Рассмотрение вышеназванных текстов в едином комплексе, благодаря введению понятия «романтическая пародия» и изучению данных произведений сквозь призму «романтической пародии», позволяет выявить закономерности развития литературного процесса, приводит к новому взгляду на литературную эволюцию романтического направления в Германии, что составляет актуальность исследования. По нашему мнению, именно трансформация категории «романтической иронии» в «романтическую пародию» дает возможность СОположить прежде не сопоставлявшиеся в таком контексте произведения в единый типологический ряд, во-первых, а также объясняет, как с помощью «романтической пародии» немецкой романтической литературе удалось избежать неизбежного вырождения, не перерасти в эпигонство и продолжать полноценно существовать в Германии - во-вторых.

Итак, опираясь, с одной стороны, на эстетические взгляды Ф. Шлегеля, упоминающего «романтическую пародию» в своих работах, но не разрабатывающего данную дефиницию в силу отсутствия потребности в этом термине на раннем этапе, и на позднеромантические тексты, в которых явственно прослеживается трансформация «романтической иронии», - с другой, мы определяем «романтическую пародию» как пародирование без отрицания исходных идей и приемов романтизма первого этапа. «Романтическая пародия» указывает на исчерпанность и конечность акта творчества путем повторяющихся комплексов: идейно-тематических, мотивных, сюжетных, языковых.

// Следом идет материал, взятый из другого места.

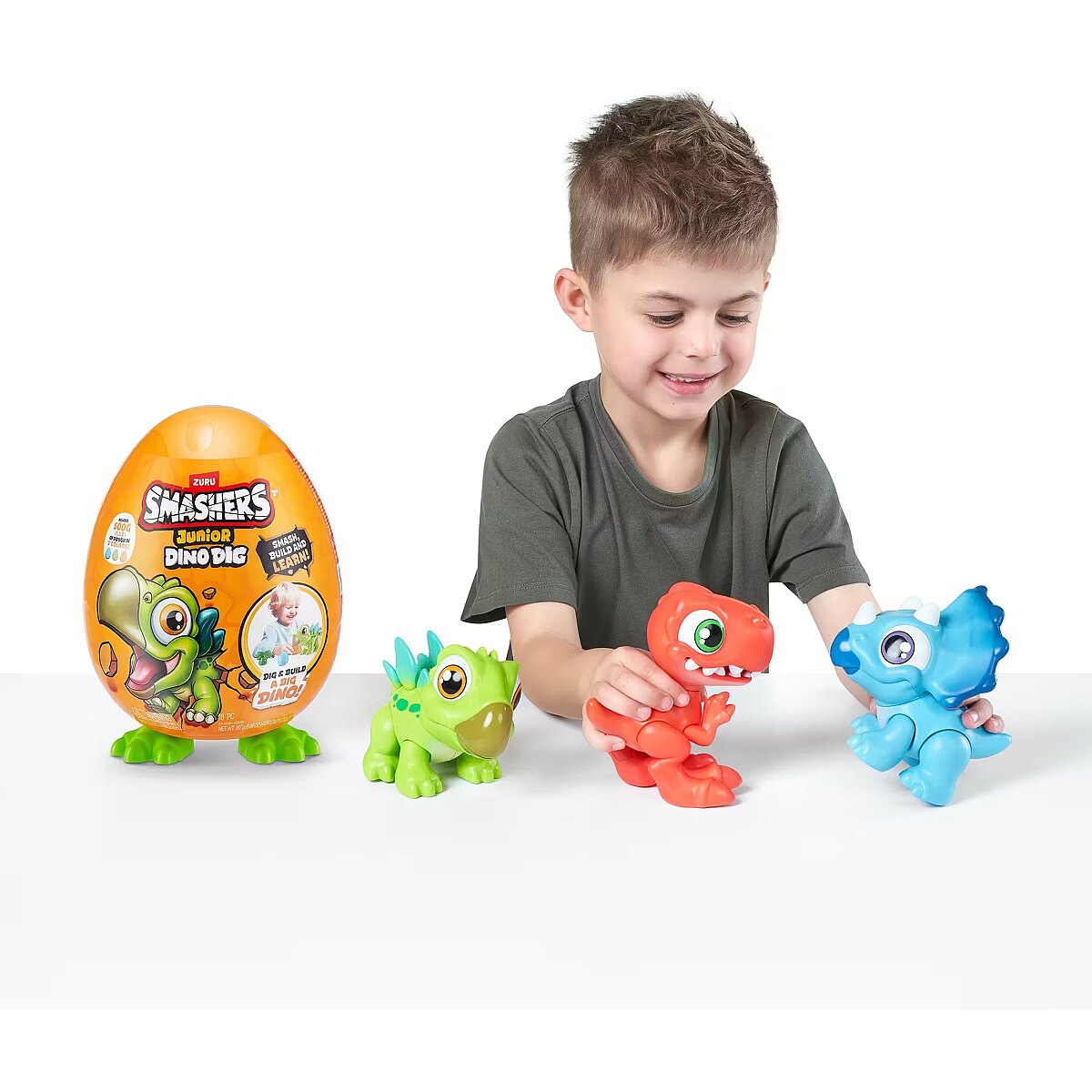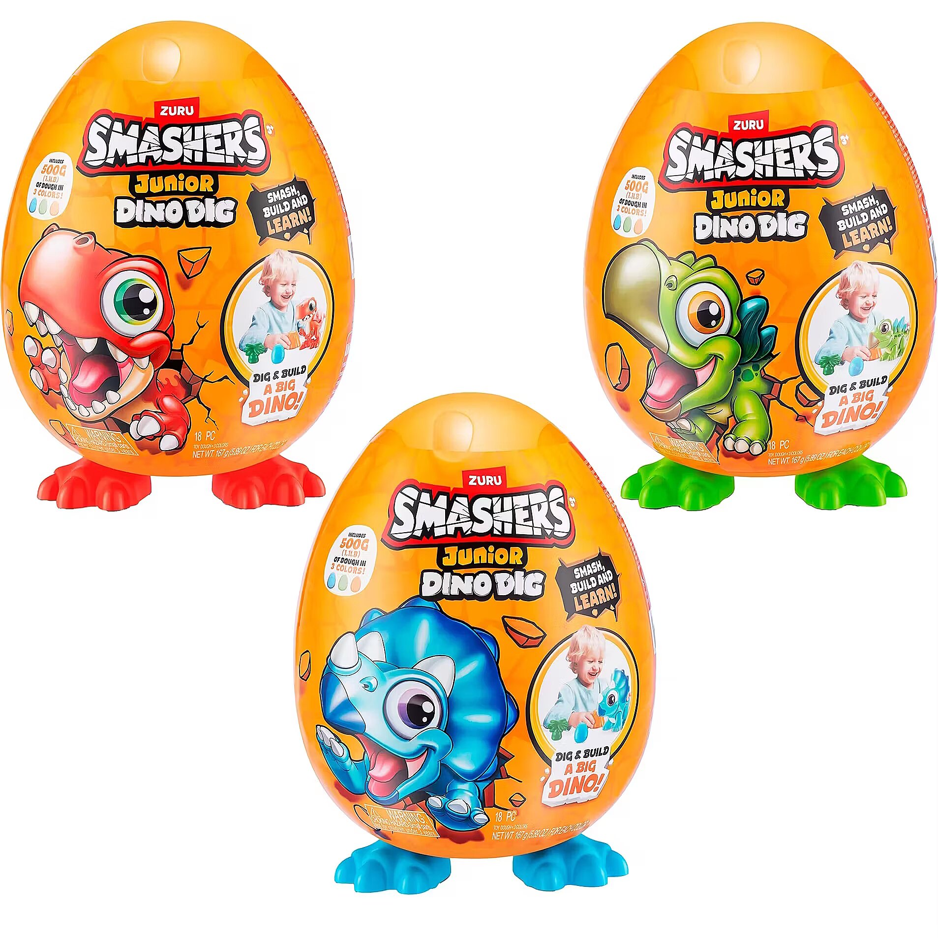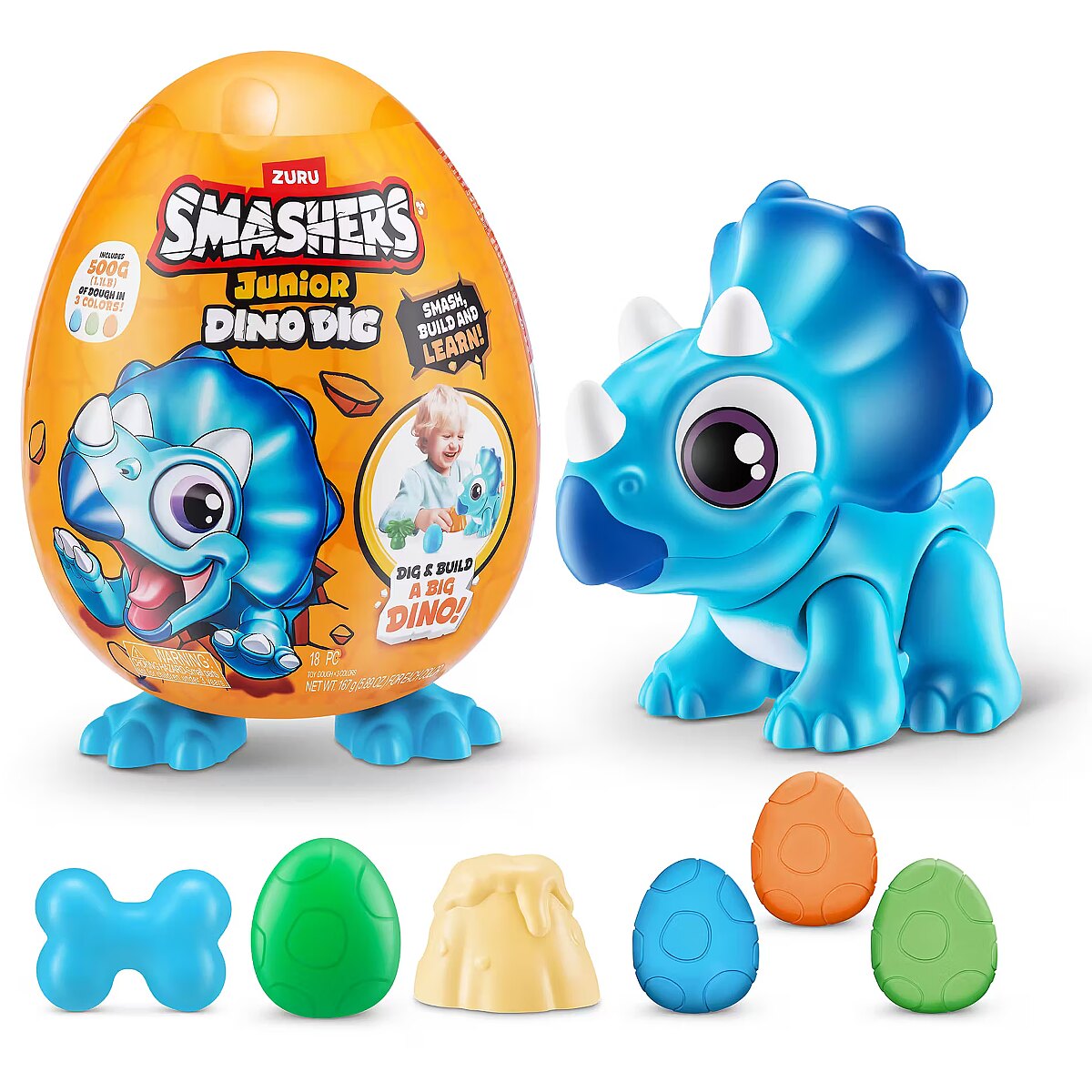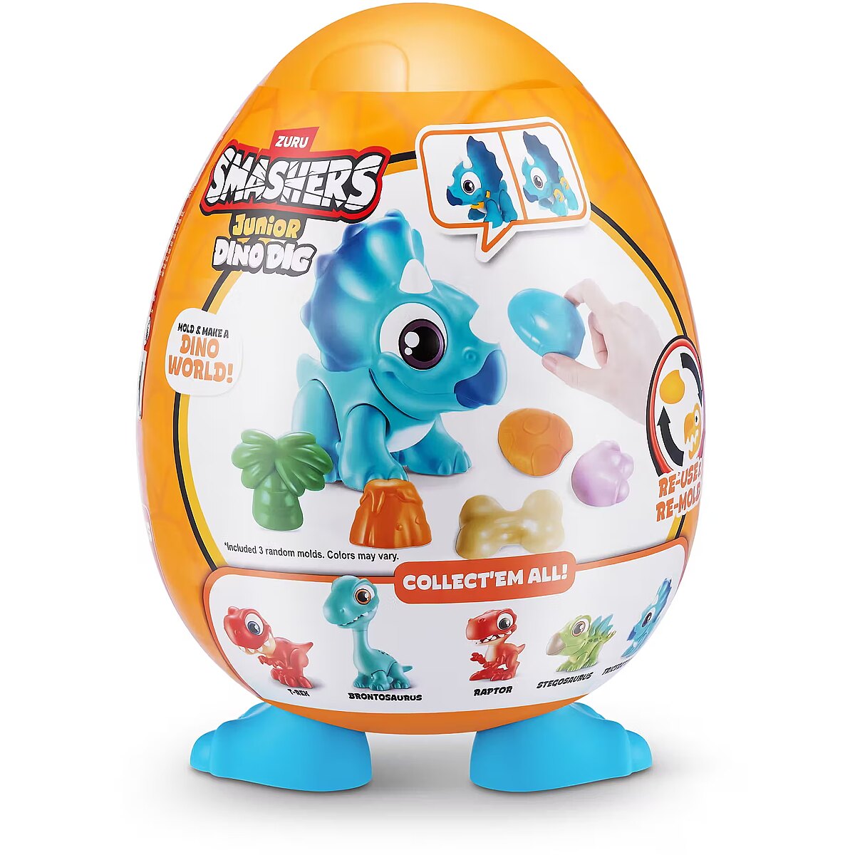 LongDesc - Smashers Junior Dino Dig Small Egg ZURUSmashers Junior Dino Dig is the BIG adventure for little explorers. Your little one will love digging through the soft dino dough and discovering hidden dinosaur pieces. Using problem solving, they’ll connect the dino pieces and create their new Dino pal. There are 18 surprises in this adorable egg including 3 molds to shape the huge 500g of dino dough! Smashers Junior is the ultimate sensory play toy and is amazing for developing young children’s fine motor skills. Start your adventure today with Smashers Junior – Smash, build and learn!

Видимая завершенность и уяснение смысла в финале произведения романтиков второго этапа отнюдь не является итогом именно потому, что в их текстах нет отказа от той высокой духовности, которая лежала в основе произведений первого этапа.

«Романтическая пародия» не отрицает полностью романтические идеи и образы, скорее наоборот, под «романтической пародией» следует понимать улыбку автора (или авторов) по поводу того, во что верили раньше, над тем, от чего отказаться невозможно, ибо в душе сохраняется мечта о принципиальной возможности достижения идеала. Подшучивая над романтическими ценностями, поздние романтики постоянно подчёркивают их иллюзорность, но отнюдь не подвергают осмеянию. Средствами создания «романтической пародии», в отличие от «романтической иронии», связанной, прежде всего, с философским принципом познания мира, являются травестия и парадокс, где последний выступает связующим звеном между романтической пародией и романтической иронией.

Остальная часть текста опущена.